In 2007 a person with the handle “ArtifexAmando” visited this forum for a single thread. I’m sorry Artifex did not return: s/he left us with hope that we might one day have a Swedish word for “eggcorn.” In addition, the eggcorn discussed in ArtifexAmando’s post was one of the best ones we have seen:“infinitesmall” for “infinitesimal.”
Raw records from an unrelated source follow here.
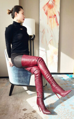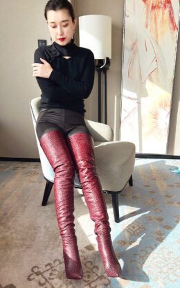 12CM鞋跟 棕红色 小尖头 高品质牛皮 蟒蛇压纹 大腿靴
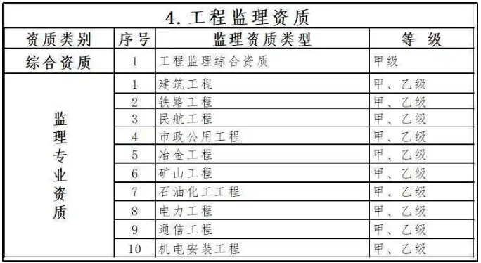 保留綜合資質(zhì)。取消水利水電工程、公路工程、港口與航道工程等專業(yè)資質(zhì),其資質(zhì)要求執(zhí)行有關(guān)行業(yè)主管部門規(guī)定。取消農(nóng)林工程監(jiān)理資質(zhì),建設(shè)單位委托農(nóng)林工程監(jiān)理業(yè)務(wù)時,不再作資質(zhì)要求。上述4個監(jiān)理專業(yè)資質(zhì)取消后,相關(guān)企業(yè)可以換發(fā)相近專業(yè)同等級監(jiān)理專業(yè)資質(zhì)。監(jiān)理專業(yè)資質(zhì)等級壓減為甲、乙兩級,原丙級資質(zhì)并入相應(yīng)專業(yè)的乙級資質(zhì)。取消事務(wù)所資質(zhì)。
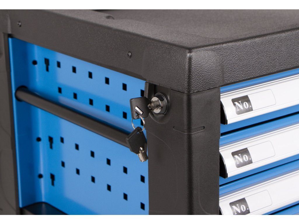 Pro zamezení přístupu nepovolaným osobám k nářadí využijete zámek na boční straně skříňky k uzamknutí všech 4 zásuvek naráz.
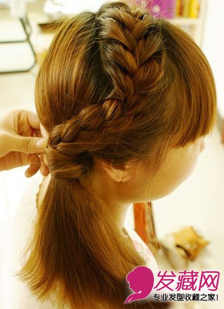 第四步:用编好的辫子缠绕马尾,形成一个低低的侧马尾,用发夹将辫子的尾稍固定一下。
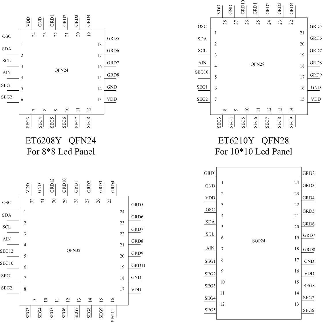 l 封裝形式為QFN24(ET6208Y),QFN28(ET6210Y),QFN32(ET6212)
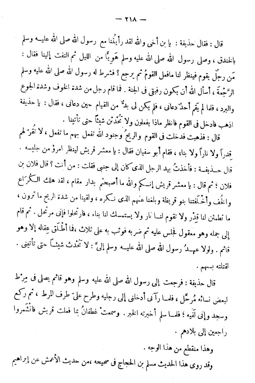 قَالَ: فَقَالَ حُذَيْفَة: يَابْنَ أَخِي وَاللَّهِ لَقَدْ رَأَيْتُنَا مَعَ رَسُولِ اللَّهِ صَلَّى اللَّهُ عَلَيْهِ وَسَلَّمَ بِالْخَنْدَقِ، وَصَلَّى رَسُولُ اللَّهِ صَلَّى اللَّهُ عَلَيْهِ وَسَلَّمَ هَوِيًّا مِنَ اللَّيْلِ ثُمَّ الْتَفَتَ إِلَيْنَا فَقَالَ:
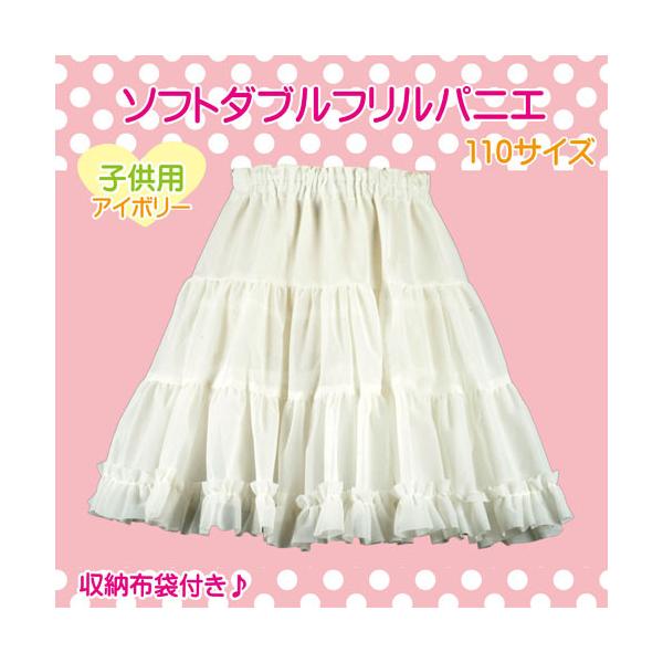 パニエ 日本製 子供用 110サイズ ソフトダブルフリルパニエ♪ ペチコート スカート ワンピース ピアノ 結婚式 お祝い アイボリー ホワイト ブラック 発表会
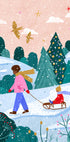 Snowy Sledge Walk by Bea Müller captures a cozy winter ramble through a frosted forest: bundled figures tug a bright sled past twinkling pines, soft snowfall and dusky skies. Playful color blocks and gentle textures evoke festive warmth, childhood wonder, and the hush of a snowy holiday stroll. A charming scene to spark holiday cheer.
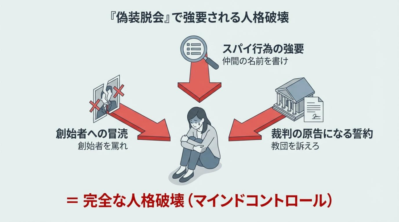 被害者たちが選ばざるを得ない最後の手段、それが「偽装脱会(ぎそうだっかい)」です。
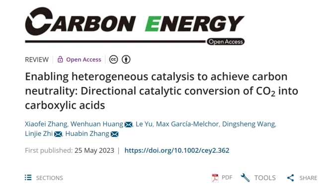 X. Zhang,W. Huang*,L. Yu, M. García-Melchor, D. Wang, L. Zhi* and H. Zhang* Enabling Heterogeneous Catalysis to Achieve Carbon Neutrality: Directional Catalytic Conversion of CO2into Carboxylic Acids,Carbon Energy,2023,e362.(2022影响因子:20.5)
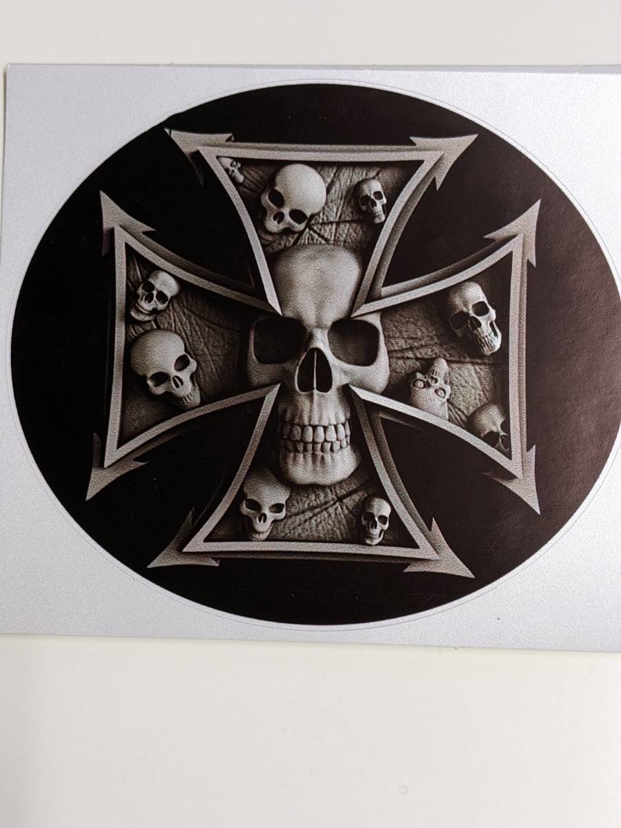 - 【十字架&スカル155mmx136mm11人】 アート 骸骨ステッカー ハーレー ヘルメット アメリカ USA ジープ バイク ミリタリー
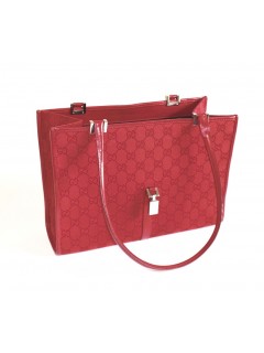 Lot Art Gucci Sac En Toile Monogramme Et Cuir Rouge
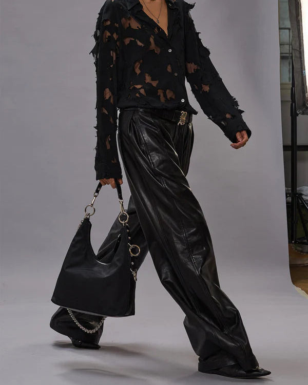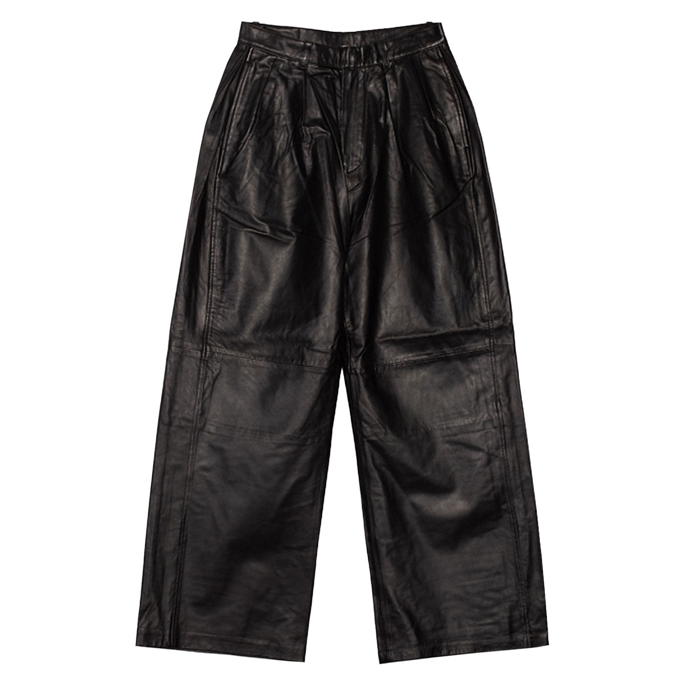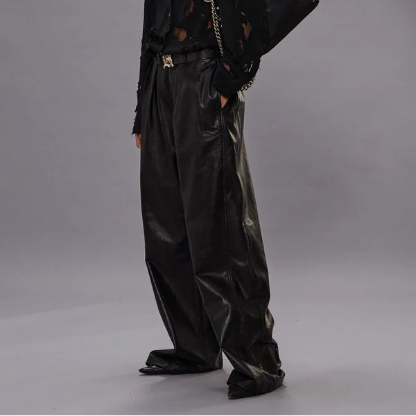 PLEATED WIDE LEG LEATHER PANT
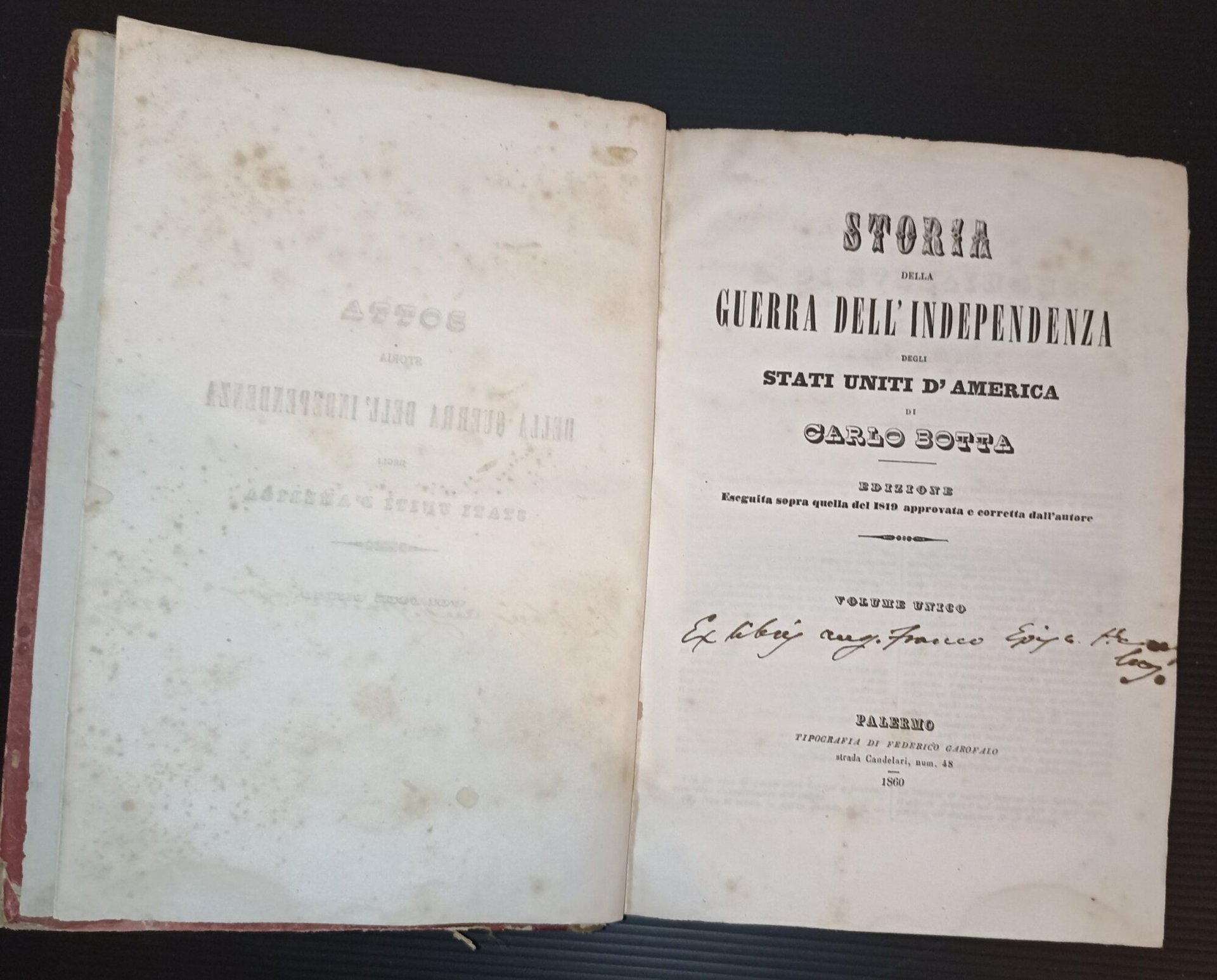 In 8', mz. pelle, oro al dorso, pp. XXII+588, mancanza alla base del dorso usurato dal tempo, angoli e margini dei piatti consumati, scritta al frontespizio, fior. ai tagli e sparse, nell'insieme buone condizioni. Edizione eseguita sopra quella del 1849 approvata e corretta dall'Autore. ***Due to bureaucratic reasons, books dated over 70 years old cannot be immediately exported, please contact us before placing the order.***
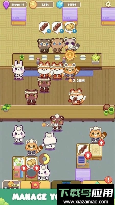 欢迎来到CozyCafe,这是一款移动平台上画风温馨的闲置增量游戏。在这里,你将探访多种主题餐厅,观察可爱的动物服务生与厨师团队如何为顾客烹制美味餐点。通过积累货币并升级美食制作站,你可以逐步解锁视觉风格独特的新场景,持续探索游戏中的趣味世界。
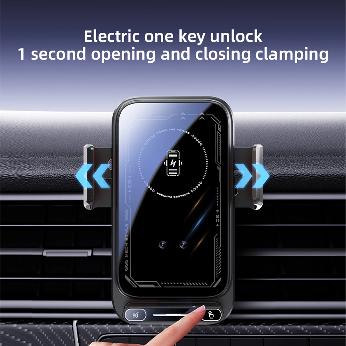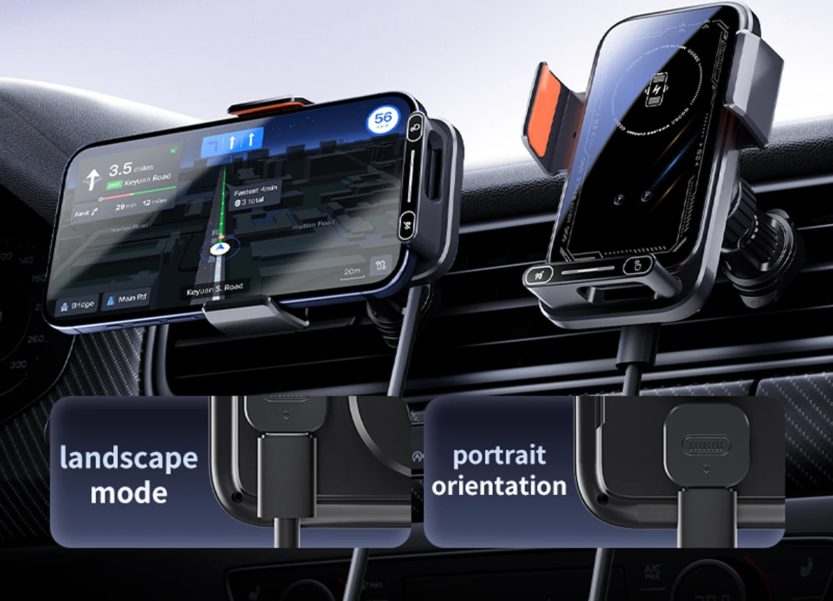 Upgrade your driving experience with our Smart Car Phone Mount. Featuring wireless charging, auto rotation capability, and vent mount design, this sleek device keeps your phone secure and charged while on the go. The MECH STYLE design showcases cutting-edge technology with ultra-stable performance. Compatible with most smartphones and easy to install on car air vents. Drive with confidence and make every journey smarter.
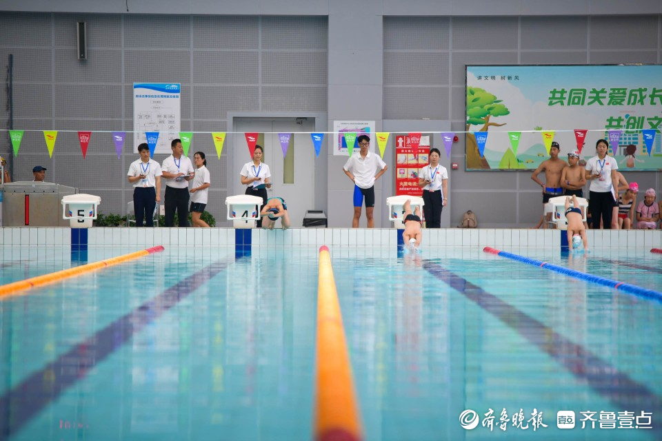 随着裁判员的一声令下,参赛小将从跳台跃入水中,劈波斩浪,奋力拼搏,50米长的泳池瞬时被激荡起无数浪花,只见小将们个个你追我赶、“泳”往直前,充分展现了永不放弃的良好精神风貌。现场呐喊声、欢呼声及掌声不断,赛场气氛高潮迭起。

When you stop to think about it, “infinitesimal” is a curious word to describe something extremely small. It is built from the word “infinite,” whose meaning points us in the opposite direction, sizewise. In the OED’s first citation for the word (from the 1650s), “infinitesimal” refers to the infiniteth ordinal number, so at the beginning of the word’s career, at least, semantics and etymology were in harmony. But in the writings of mathematicians the word soon became associated with abstruse discussions about the reciprocals of the ordinals, the fractions of one with increasingly large denominators (1/2, 1/3, 1/4, 1/5…1/1001, etc). As the denominator gets larger the value of the fraction gets smaller. This context became the basis for a metaphorical extension of the word into its current meaning: to be infinitesimal is to be minute, insignificant, immeasurably tiny.

Another permutation of “infinitesimal” may also be an eggcorn. A number of web pages record the spelling “infantesimal.” The new word points in the right direction: an infant is release 1.0 of a human. A few web pages seem to have confused the word “infantesimal” with “infantile,” but most instances of “infantesimal” occur in contexts that would fit the meaning of “infinitesimal.” “Infantesimal” drops a syllable: it is possible that the pathway to “infantesimal” lies through “infintesimal,” a common misspelling/mispronunciation of “infinitesimal.”

Frequency of “infantesimal:” about 100 Google ughits. Examples:

Post in a car forum: “it will go down by some infantesimal amount each year”

Political blog entry: “Perhaps we could have an account at YouTube which we could feed to allow us to click on a pay-per-view link, but the fees would need to be so infantesimal that one wonders whether the effort would be worth it. ”

Post in the Babycenter Community: “it does not mean the baby is too—they get only a small/ infantesimal amount of what the mother does.”


Hatching new language, one eggcorn at a time.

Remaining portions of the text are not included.